Café Linnea, a joint venture between chef Kelsey Johnson and Duchess Bakeshop’s Garner Beggs, opened the doors to this Scandinavian-French-inspired restaurant in June and the public didn’t exactly know what to do. “What do you mean, we don’t tip?” That’s right: the servers are trained professionals, confident and skilled in the knowledge and intricacies of their profession and are paid a higher wage to reflect such. The quality and execution of the food is untouchable. The space is gorgeous. Lineups for this breakfast/brunch café snake out the door. We’re seeing the start of what’s perhaps the ripple effect of this no tipping policy; it appears to have inspired Grain of Rice in the west end to adopt the same practise.
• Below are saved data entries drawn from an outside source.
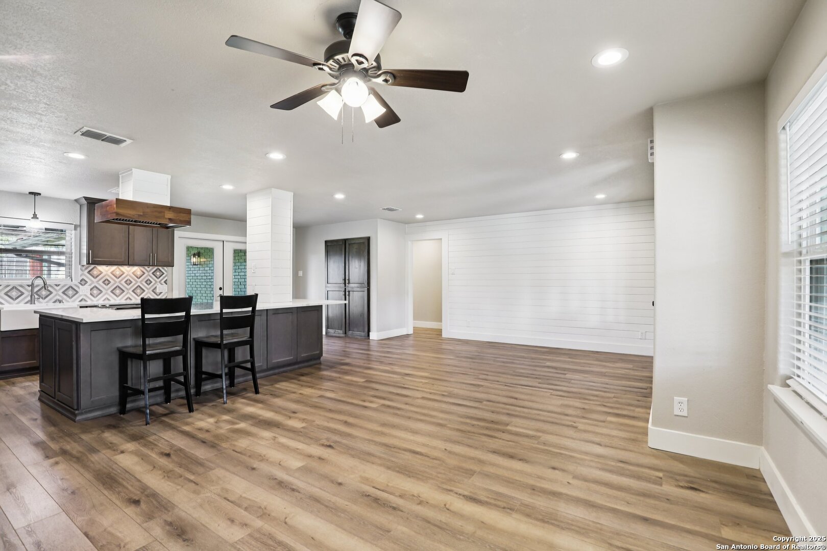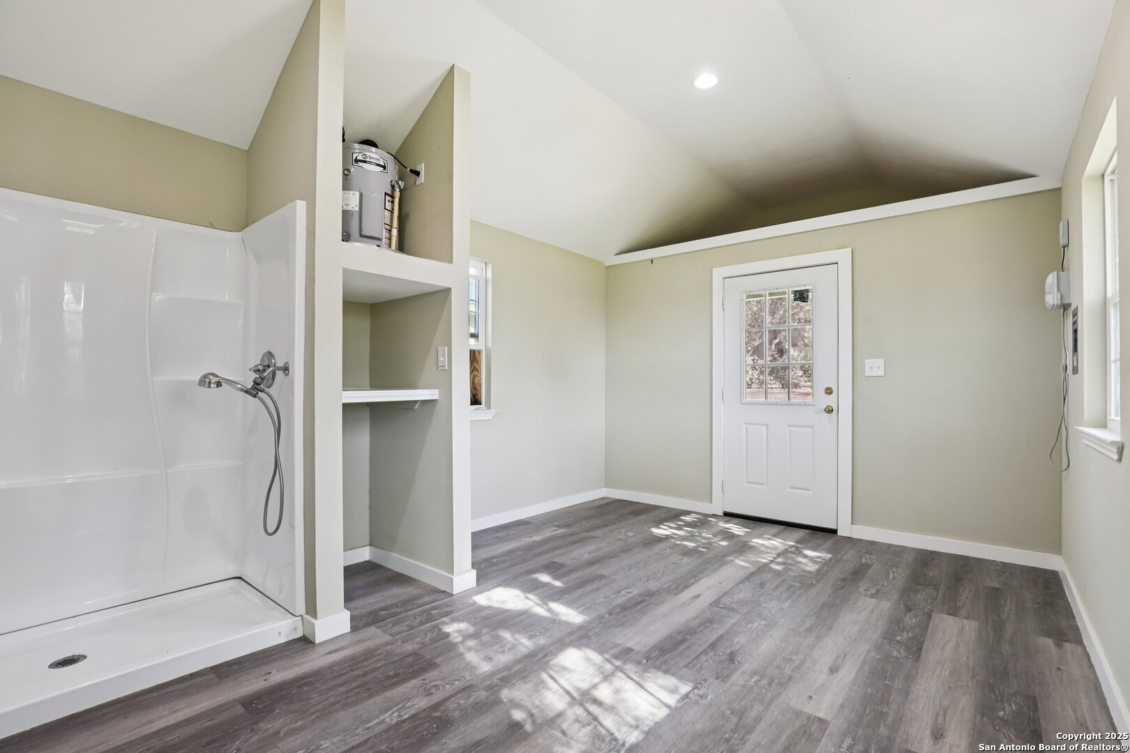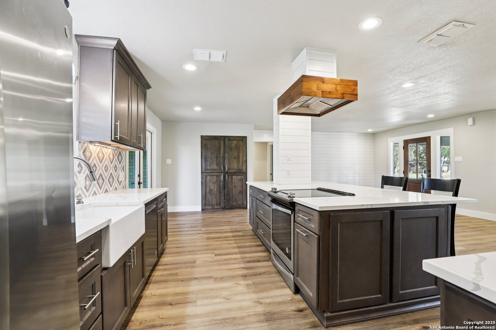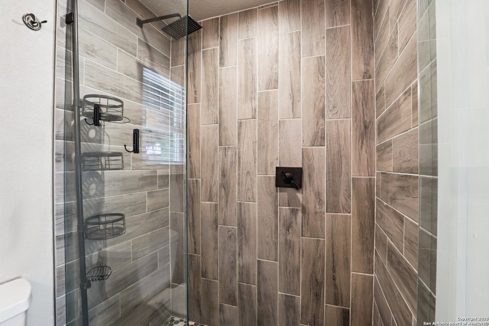 Drive up the circular driveway to this beautifully updated farmhouse-style home, perfectly situated on a large, private lot shaded by mature oak trees in a quiet, established neighborhood with no HOA. Thoughtful updates throughout include a newer roof and HVAC system, no carpet, modern farmhouse lighting, barn doors, and a stunning 9-foot island that anchors the heart of the home. Gorgeous quartz and leathered granite countertops provide both style and durability, creating a space that is as functional as it is inviting. The private primary bedroom is tucked away at the back of the home, offering a peaceful retreat, while two additional spacious bedrooms provide comfortable accommodations for family or guests. Step outside to a covered patio overlooking a generous backyard, perfect for entertaining or relaxing. The property also features a large workshop/shed with a window unit and shower, attached lawn mower garage, and an additional dog kennel, ideal for hobbyists, storage, or extra workspace. Enjoy added privacy as the property backs to a larger tract of land, creating a serene setting rarely found. Located just minutes from Starcke Park, residents can enjoy golf, picnic and BBQ areas, playgrounds, and access to the scenic Guadalupe River. With convenient access to San Antonio, Austin, and San Marcos, this home offers the perfect blend of Hill Country tranquility and city convenience. This exceptional property truly checks all the boxes. Schedule your showing today and make this one home.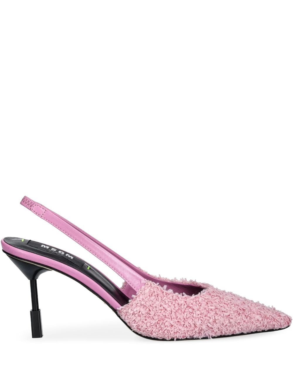 85mm slingback pumps Highlights - Light pink - Elasticated slingback strap - High heel - Pointed toe - Branded leather insole Made in Italy Composition Sole: Calf Suede 100%, Rubber 100% Outer: Fabric 100% Lining: Calf Leather 100% SIZE & FIT Measurement HEEL 3.34 in(8.5 cm)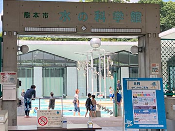 熊本市水の科学館でケロロ軍曹のマンホールカードをもらいました。建物に囲まれるように、水遊び場があって、この日は暑かったので、子供たちがたくさんいて人気でした。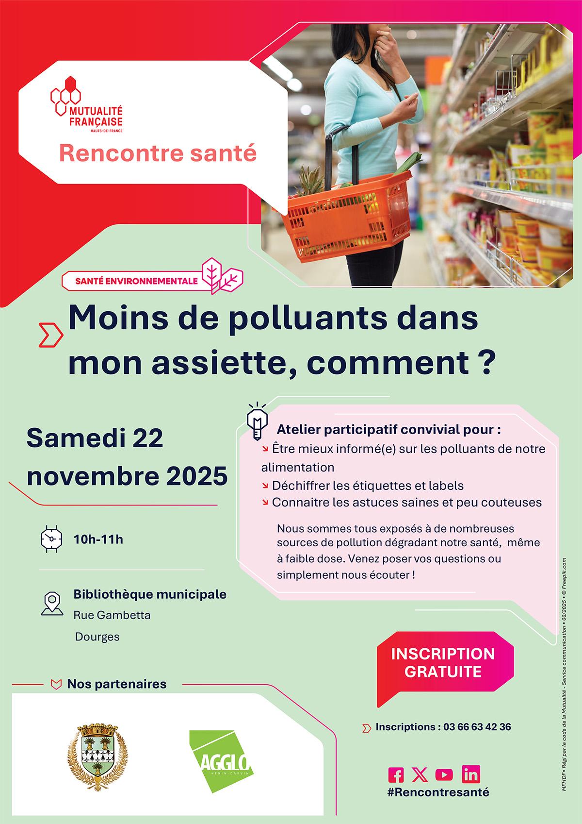 L’Agglo Hénin-Carvin en partenariat avec la Mutualité Française et la ville de Dourges organise un atelier participatif sur le thème : « Moins de polluants dans mon assiette, comment ? ».

Pop-ups by David Leeder, Christine Sandford and Israel Alvarez
These are three chefs to watch, each of them staging and/or working at top-ranked restaurants in the world: David at Noma in Copenhagen; Christine at In de Wulf in Belgium, and Israel at Pujol in Mexico City. Every pop up done by each of these chefs was astounding and tickets sold out usually within the day of being posted. Sandford will be heading the kitchen at the new brew pub set to open in Ritchie Market, but Leeder and Alvarez are, still, free agents. Pop ups allow artists to really push the envelope. Although I’d love to see Leeder and Alvarez in their own restaurants, I’m expecting even better, crazier, wilder events from these two culinary renegades in 2017.
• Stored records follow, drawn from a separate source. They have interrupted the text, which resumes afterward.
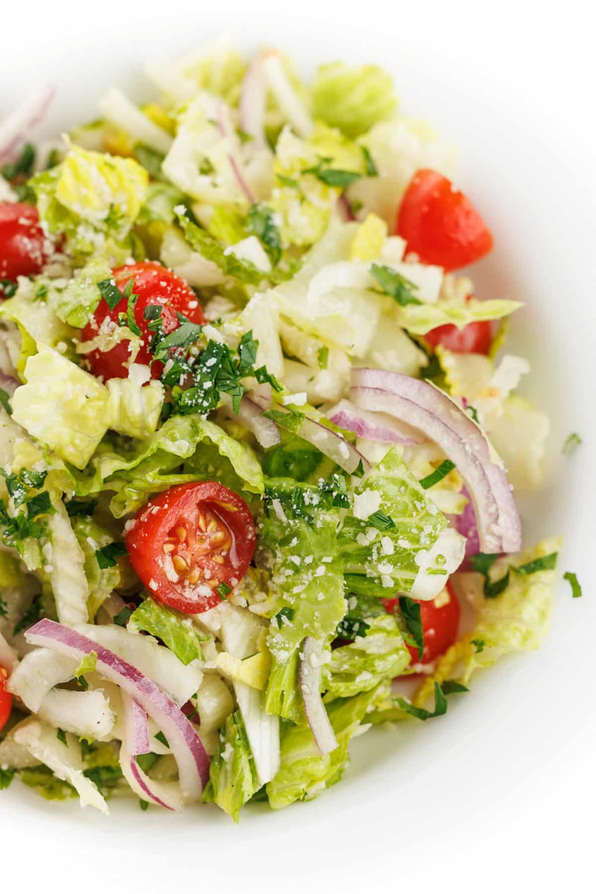 You can’t go wrong with a simple salad as a side for your dinner table. This Italian Garden Salad with Fennel uses simple, accessible ingredients, but if you aren’t familiar with fennel, it adds crunch, texture, and fiber! Slightly sweet like licorice and crunchy like celery, it adds a mild anise flavor that pairs perfectly with the sweet tomatoes and spicy red onions. I love drizzling with a lemony parmesan vinaigrette that can we whipped up quickly, but a store-bought Italian dressing would work well, too!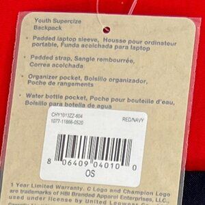 Top two-way zipper closure. Roomy main compartment with organizer panel, padded internal laptop sleeve, adjustable padded shoulder straps. Front storage pocket with organizers, exterior side water bottle sleeve. Embroidered Champion at the side and large embroidered “C” logo at the front. Approximate measurements: 11 1/2" (L) x 18" (H) x 6" (W)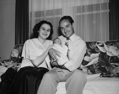 Donna Gene, daughter of Mr. and Mrs. Gene Gregston (He's in senior's sports department), was 11 days old when Photographer Al Panzera and her parents collaborated for this picture. Donna Gene didn't respond to all the acceptable methods for waking babies, so she slept serenely through her first "sitting." She arrived April 2 and soon after had the household under command. Published in Fort Worth Star-Telegram April 1951.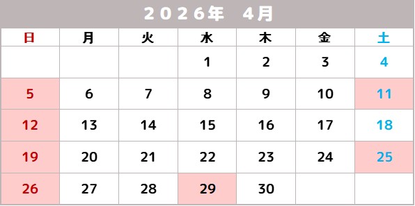 » 【営業日カレンダー】2026年4月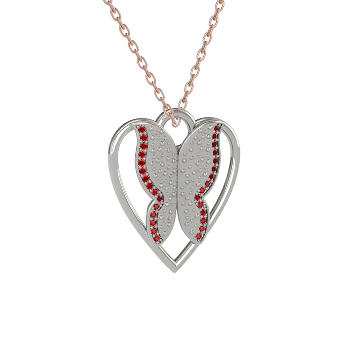 Garnet 14 ayar beyaz altın kolye (40 cm gümüş rolo zincir)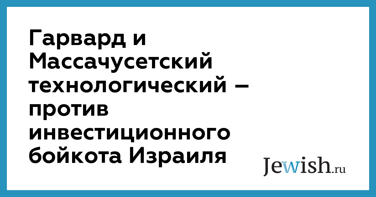 Гарвард и Массачусетский технологический – против инвестиционного бойкота Израиля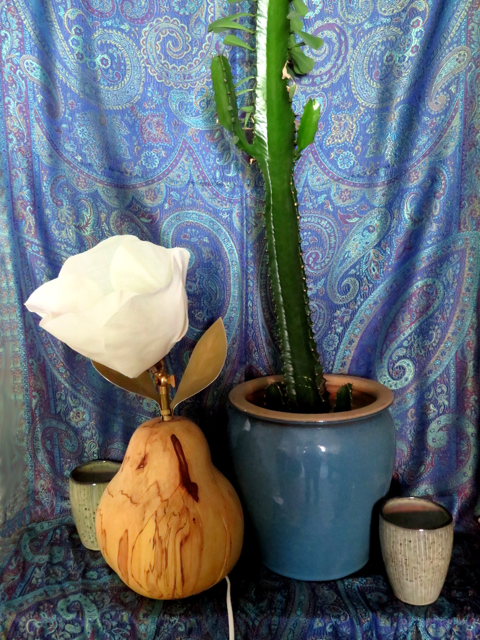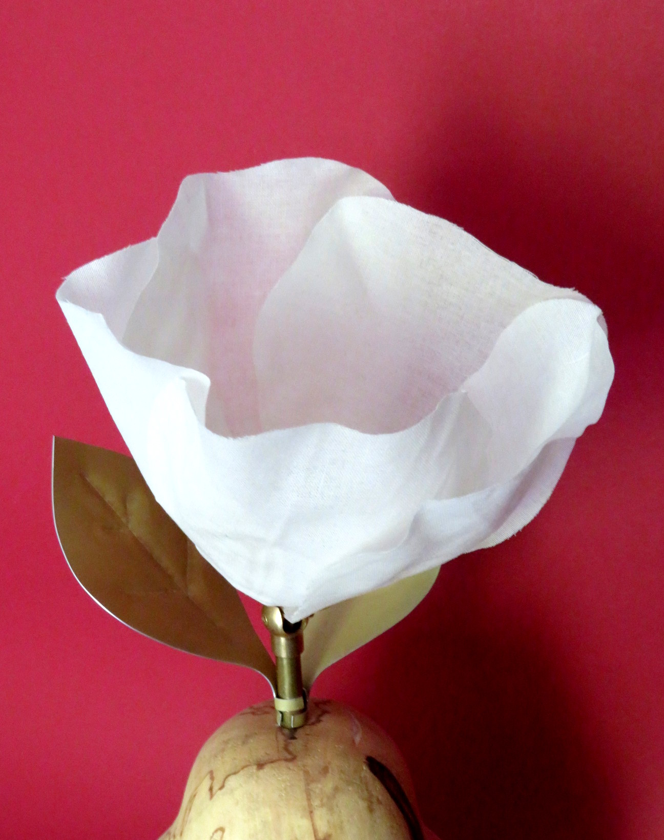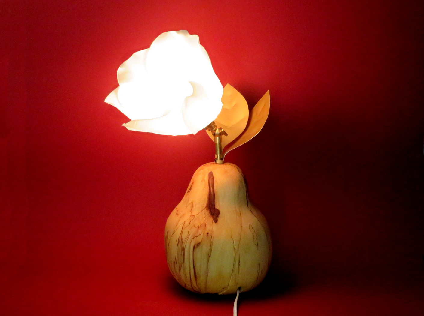 BIRNENHOLZ, BAUMWOLLE, MESSINGROHR, MESSING-GELENK UND -FASSUNG, BLECH, STANDARD-ELEKTRIKSATZ. -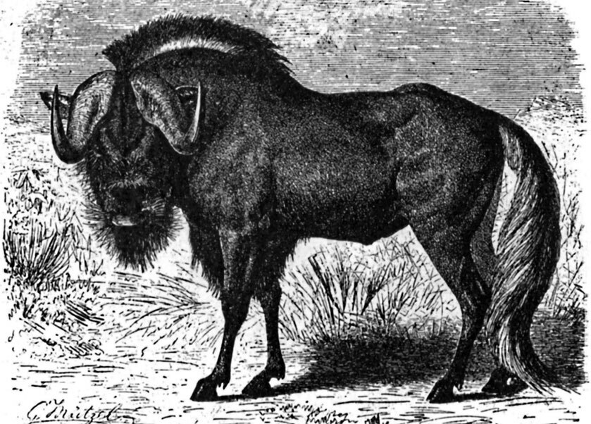 Наконец, заканчивая описание антилоп и вместе с тем всего обширного семейства полорогих, остановимся на гну (Catoblepas), представляющем из себя, пожалуй, самое стройное животное из всех жвачных. В самом деле, полуантилопа, полубык, полулошадь, гну имеет такой вид, что с первого взгляда невозможно решить, к какой группе животных его отнести. По фигуре, хвосту и гриве он похож на лошадь, но его голова, украшенная двумя рогами, гораздо более напоминает бычачью, а раздвоенные копыта усиливают это сходство.

Call us Portland North because we have what might be the strongest food truck culture in Canada. A big part of that is thanks to the efforts of Sharon Yeo and Mack Male, the founders of What the Truck. The event has come a long way since the first one in May 2015 when 12,000 people RSVP’d making it obvious that Edmontonians love their food trucks. In 2016, five WTT events were held with 90 trucks participating. Ninety—that’s a pretty big deal for a Canadian city. Make sure you keep your eyes open for the 2017 schedule. Herding food trucks is no easy feat; Male and Yeo deserve a medal.
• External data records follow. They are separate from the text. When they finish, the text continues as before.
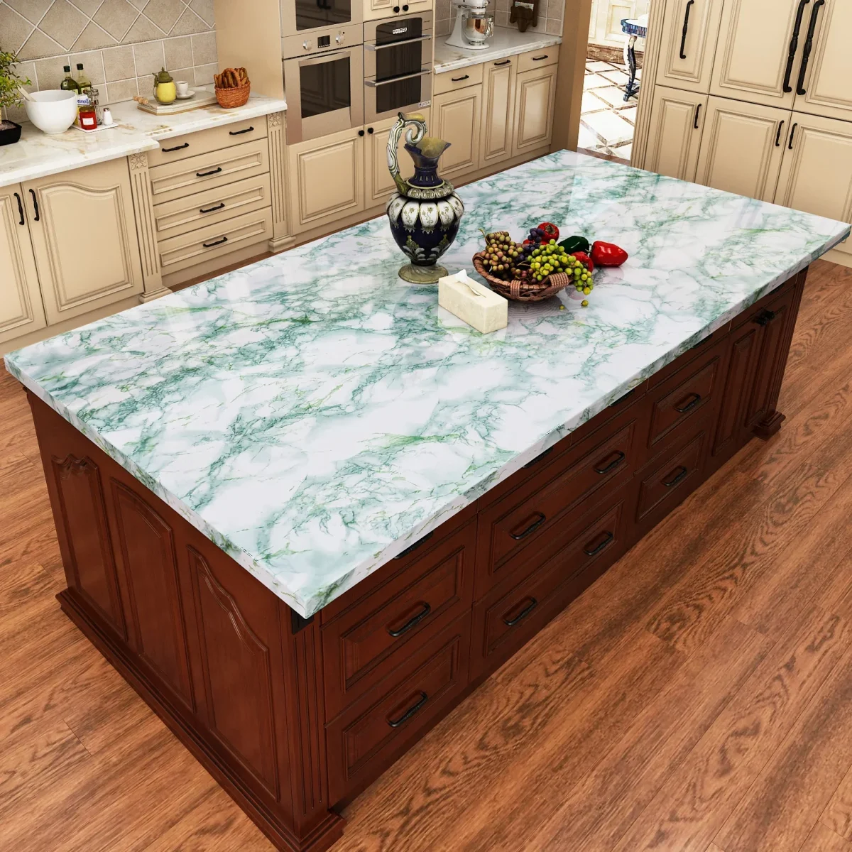 Adhésif Plan de Travail Vert avec Motif Marbré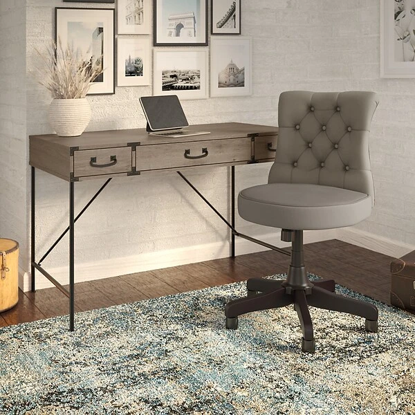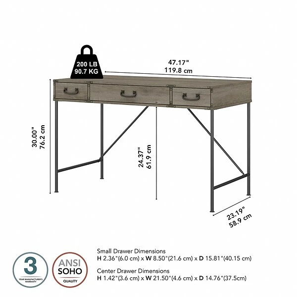 For a practical home workstation packed with vintage charm, choose the Kathy Ireland Home by Bush Furniture Ironworks 48″W writing desk with drawers. The compact, durable desktop is perfect for small spaces while still offering plenty of room to spread out with a computer, paperwork, and more when taking on the task of the day. A center drawer with a flip-down front provides a convenient place to store your keyboard or laptop, and box drawers on either side keep office supplies and writing utensils close by. A distressed finish and aged bronze hardware create a vintage industrial design with long-lasting appeal, while the welded steel base gives the computer desk a weight capacity of 200 lbs. and adds to its unique rustic styling. This home office desk with drawers is tested to meet ANSI/SOHO quality standards for safety and performance and is backed by a 3-year manufacturer’s warranty.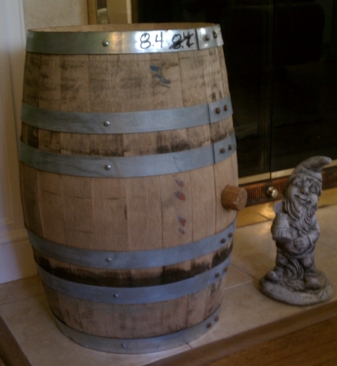 8-gallon whiskey barrel from Tuthilltown Spirits. Gnome not included.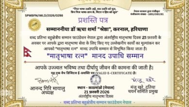 शिक्षिका/कवयित्री रीना पटले अंतर्राष्ट्रीय “मातृभाषा रत्न मानद उपाधि सम्मान” से हुई सम्मानित

Passing of Brendan Brewster and Gail Hall
In 2016 our hearts broke with the loss of two beautiful and talented people. In March, we said goodbye to Brendan Brewster, bartender extraordinaire, responsible for setting up cocktail programs in various Canadian cities. He introduced us to Fernet Branca (a.k.a. the bartender’s handshake) and gave us the Smoke and Oak Fashioned, now a legendary cocktail at North 53. Sitting across from this bear of a man while he made a cocktail made you feel like the most special person in the bar. In November, chef, food advocate, local food supporter, Gail Hall, succumbed to breast cancer. Those who knew Gail admired her for how she confronted, fought and gracefully accepted the hand to which she was dealt. Her humour and positive outlook was amazing, and until her last breath, she remained an inspiration to everyone around her. Our city is poorer without Brendan and Gail here but forever grateful that we had them while we did.